Download or read book Radical Equations written by Robert Moses and published by Beacon Press. This book was released on 2002-06-10 with total page 260 pages. Available in PDF, EPUB and Kindle. Book excerpt: The remarkable story of the Algebra Project, a community-based effort to develop math-science literacy in disadvantaged schools—as told by the program’s founder “Bob Moses was a hero of mine. His quiet confidence helped shape the civil rights movement, and he inspired generations of young people looking to make a difference”—Barack Obama At a time when popular solutions to the educational plight of poor children of color are imposed from the outside—national standards, high-stakes tests, charismatic individual saviors—the acclaimed Algebra Project and its founder, Robert Moses, offer a vision of school reform based in the power of communities. Begun in 1982, the Algebra Project is transforming math education in twenty-five cities. Founded on the belief that math-science literacy is a prerequisite for full citizenship in society, the Project works with entire communities—parents, teachers, and especially students—to create a culture of literacy around algebra, a crucial stepping-stone to college math and opportunity. Telling the story of this remarkable program, Robert Moses draws on lessons from the 1960s Southern voter registration he famously helped organize: “Everyone said sharecroppers didn't want to vote. It wasn't until we got them demanding to vote that we got attention.
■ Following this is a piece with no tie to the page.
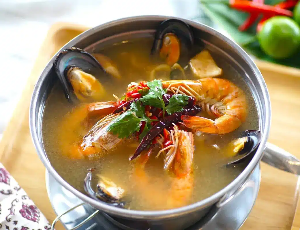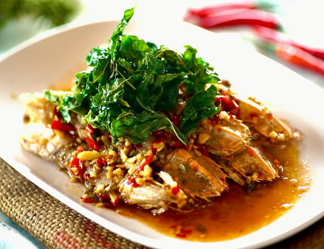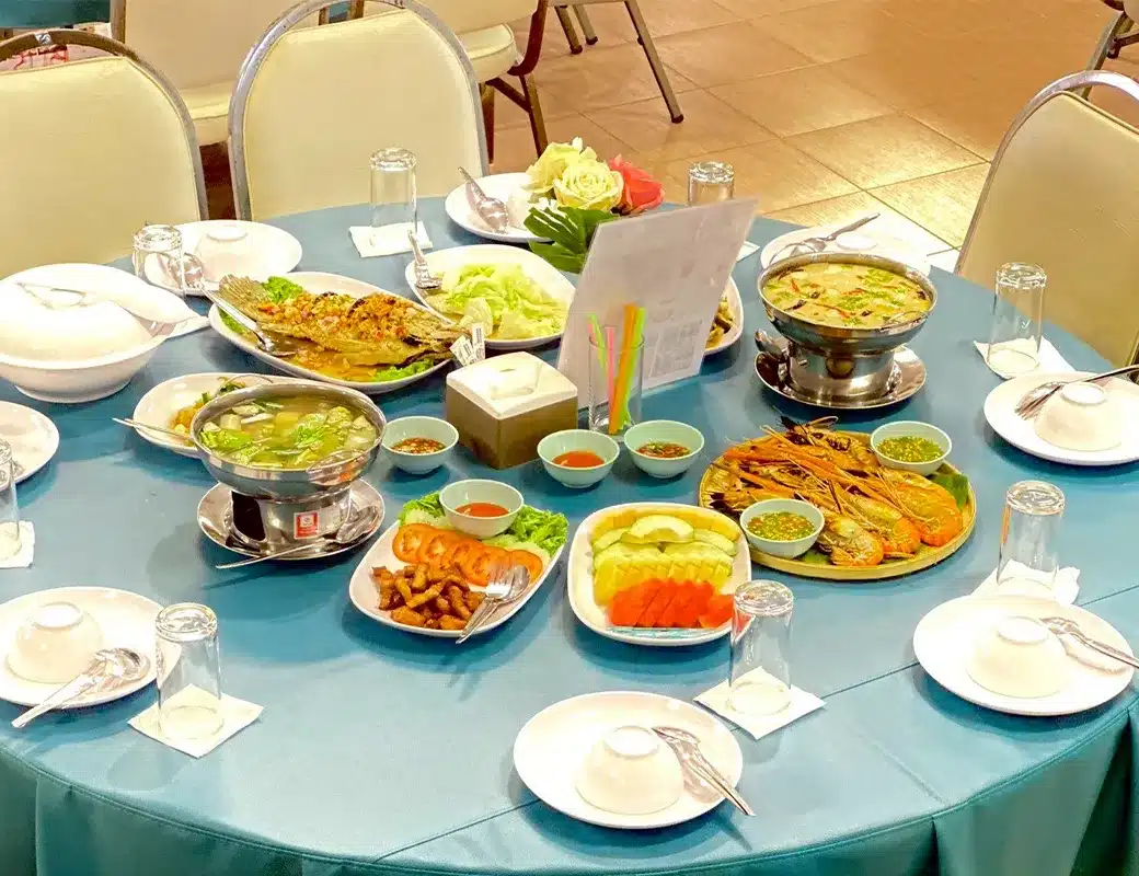 เมนูแนะนำที่ใครมาก็ต้องสั่ง ได้แก่ กุ้งแม่น้ำเผาตัวโตๆ สดเด้ง ต้มยำกุ้งแม่น้ำรสจัดจ้าน เนื้อปูผัดผงกระหรี่สุดละมุน ปลากระพงกลางศึกที่ราดซอสรสเข้มข้น หมูกรอบคั่วพริกเกลือหนังกรอบนอกนุ่มใน และหอยจ้อปูที่ทอดใหม่ๆ หอมกรอบทุกคำ และยังมีเมนูจัดเซตไว้รองรับนักท่องเที่ยวหมู่คณะอีกหลากหลายเซตตามงบประมาณ พร้อมบริการอาหารพิเศษตามคำขอ

Today, when kids are falling wholesale through the cracks, people say they don't want to learn. We have to get the kids themselves to demand what everyone says they don't want.” We see the Algebra Project organizing community by community. Older kids serve as coaches for younger students and build a self-sustained tradition of leadership. Teachers use innovative techniques. And we see the remarkable success stories of schools like the predominately poor Hart School in Bessemer, Alabama, which outscored the city's middle-class flagship school in just three years. Radical Equations provides a model for anyone looking for a community-based solution to the problems of our disadvantaged schools.